What the task requires
Below are entries to be transcribed exactly; exclude the pictures from the copy.

------------------------------

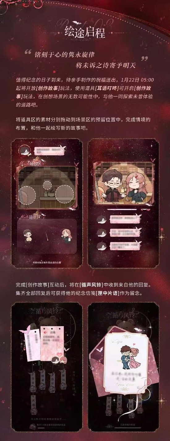 值得纪念的日子到来,待亲手制作的祝福送出,1月22日05:00起将开放[创作故事]玩法,使用道具[耳语叮咚]可开启[创作故事]玩法,在创想场景的无数可能性中,与他一同探索未曾体验的道路吧。
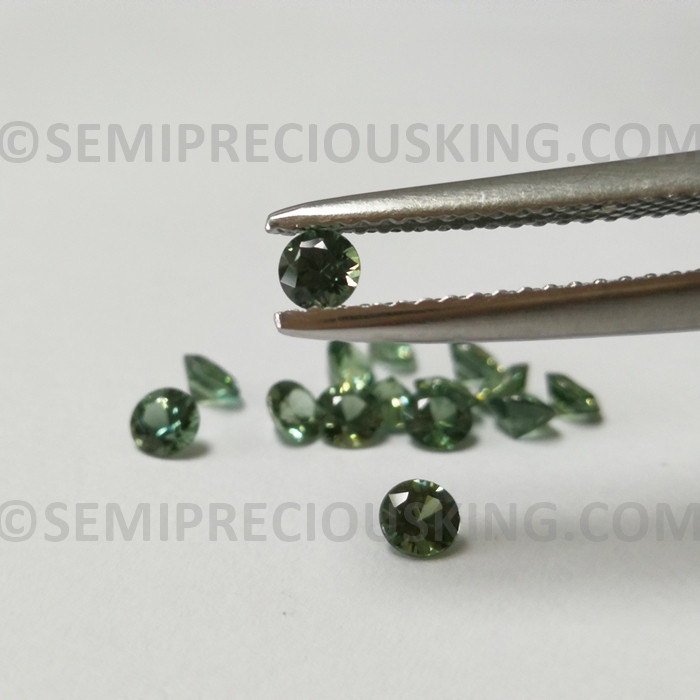 Name:Natural Green Sapphire 2.4mm Round Diamond Cut VS Clarity Winsor Green Color Loose Gemstone
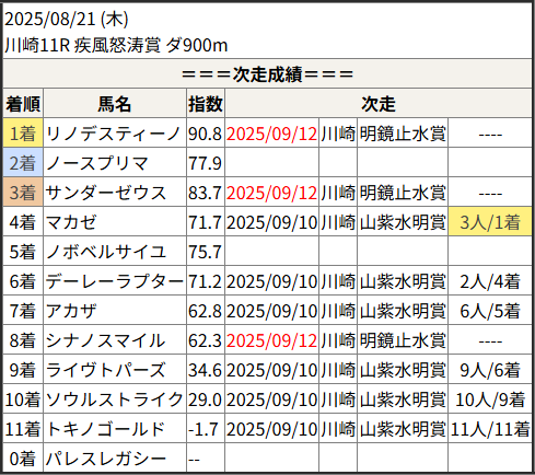 2025/09/12 川崎11R 明鏡止水賞:結果
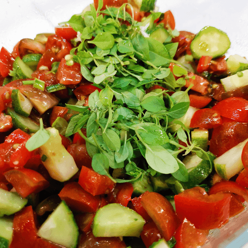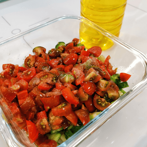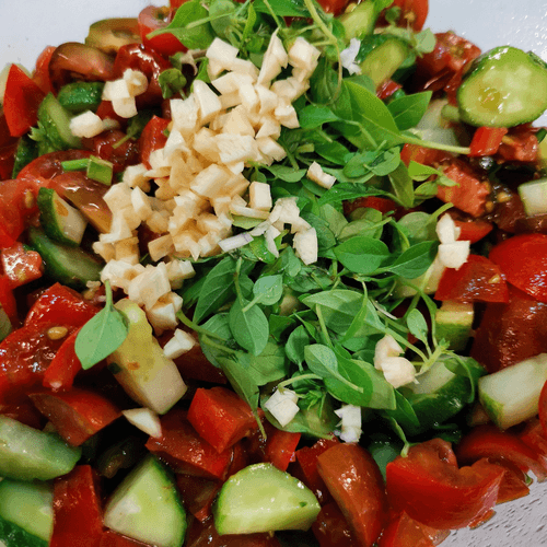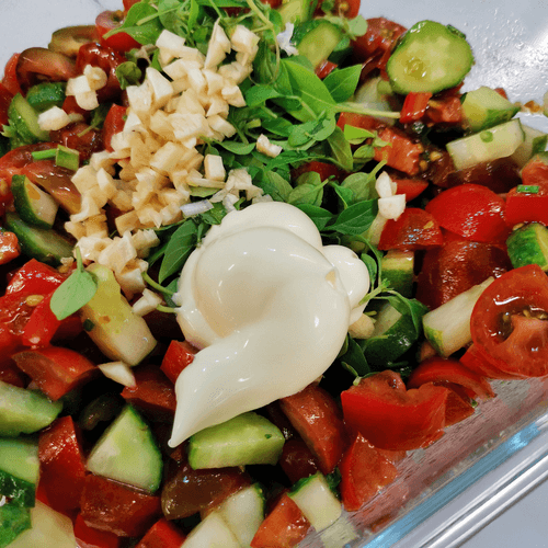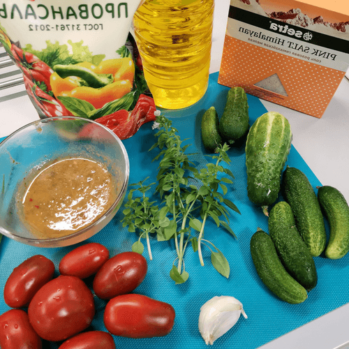Summer vegetable salad with basil and tkhemali is a bright representative of Georgian cuisine, where freshness and rich flavor always play a key role. Tkhemali, an aromatic sour sauce made from plum, adds spiciness and a slight tartness to the salad, perfectly complementing the juiciness of cucumbers and the sweetness of cherry tomatoes. Basil adds subtle spicy notes while garlic provides a mild sharpness. Oil and mayonnaise create a delicate texture and harmoniously bind the ingredients together. This salad is ideal for hot summer days—it's light, refreshing, and simultaneously rich. It can be served as a standalone dish or as an accompaniment to meat and fish; it pairs excellently with Georgian wines. This salad is a celebration of flavors—a balance between freshness and richness, tradition and originality.
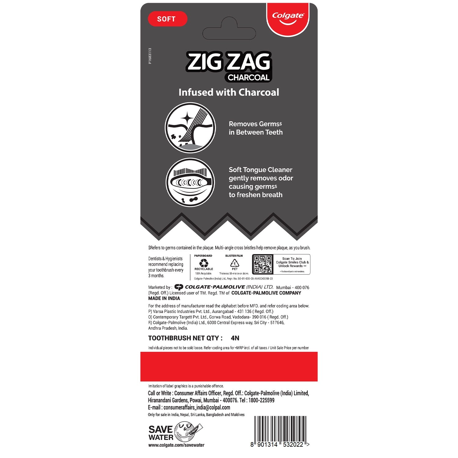 Colgate Zig Zag Black Toothbrush Soft 4 pcs
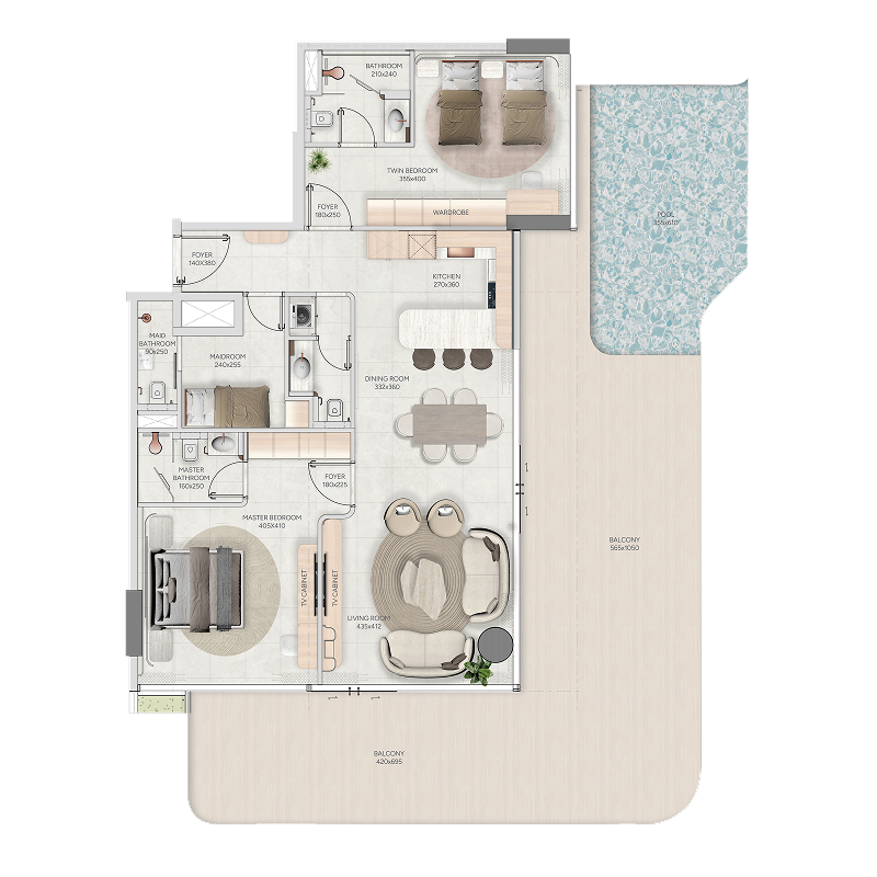 2 BR + Pool

------------------------------

Solution
 值得纪念的日子到来,待亲手制作的祝福送出,1月22日05:00起将开放[创作故事]玩法,使用道具[耳语叮咚]可开启[创作故事]玩法,在创想场景的无数可能性中,与他一同探索未曾体验的道路吧。
 Name:Natural Green Sapphire 2.4mm Round Diamond Cut VS Clarity Winsor Green Color Loose Gemstone
 2025/09/12 川崎11R 明鏡止水賞:結果
Summer vegetable salad with basil and tkhemali is a bright representative of Georgian cuisine, where freshness and rich flavor always play a key role. Tkhemali, an aromatic sour sauce made from plum, adds spiciness and a slight tartness to the salad, perfectly complementing the juiciness of cucumbers and the sweetness of cherry tomatoes. Basil adds subtle spicy notes while garlic provides a mild sharpness. Oil and mayonnaise create a delicate texture and harmoniously bind the ingredients together. This salad is ideal for hot summer days—it's light, refreshing, and simultaneously rich. It can be served as a standalone dish or as an accompaniment to meat and fish; it pairs excellently with Georgian wines. This salad is a celebration of flavors—a balance between freshness and richness, tradition and originality.
 Colgate Zig Zag Black Toothbrush Soft 4 pcs
 2 BR + Pool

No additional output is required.